A sample of $x_3=2$ doesn't cause any update to the maximum likelihood estimator, but it does cause an update to posterior distribution.
pmu3 = pxt(2,mus)*pmu2
pmu3 /= C*sum(pmu3)
plot(xs,pmu3)
plot(xs,pmu2)
[<matplotlib.lines.Line2D at 0x19300650>]
result = zeros(xs.shape)
total = 0
for i,mu in enumerate(mus):
weight = pmu3[i]
result += weight * pxt(xs,mu)
total += weight
result /= total
plot(xs,result)
plot(xs,pxt(xs,7))
[<matplotlib.lines.Line2D at 0x194884d0>]
In fact, if we repeat the same process with a lot of samples (in this case the true parameter is 7), we see that the Bayesian parameter estimate becomes an increasingly peaked distribution close to the true value.
I.e., if, out of 100 samples, we haven't seen a value greater than 7, then the probability that the mean is significantly greater than 7 must be very small.
p = pmu.copy()
for i in range(100):
p = pxt(rand()*7,mus)*p
p /= C*sum(p)
plot(mus,p)
[<matplotlib.lines.Line2D at 0x19c3f0d0>]
Consider $p(\theta|x)$ from the previous example again.
plot(mus,pmu2)
[<matplotlib.lines.Line2D at 0x19e5a7d0>]
Assume now that we are supposed to return a "best estimate" of the parameter.
By itself, that isn't sufficient.
But now assume that we are given a loss function: if our estimate is with in $\pm 0.5$ of the true value, we don't need to pay a penalty, otherwise, we need to pay a penalty of 1. What value should we return?
The most likely value is 7, but no values less than 7 can occur.
Therefore, it is better to return 7.5. That way, not only do we have the most likely value, but we also get all the probability mass between 7 and 8 as well and our expected loss is about half of what it would be if we had returned 7.
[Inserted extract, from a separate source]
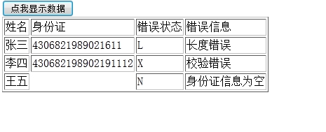 ErrorCondition r2 = new ErrorCondition("李四", "430682198902191112","X", "校驗錯誤");

Now assume we are penalized if we are outside the range $\pm 1$ from the true value. By the same reasoning, our parameter estimate should now be 8.
As you can see from this simple example, there is not "best" answer to the parameter estimation problem; our answer depends on the loss function.
But we can see that for any symmetric loss function, the value 7 (the maximum likelihood estimate) is never the optimal answer.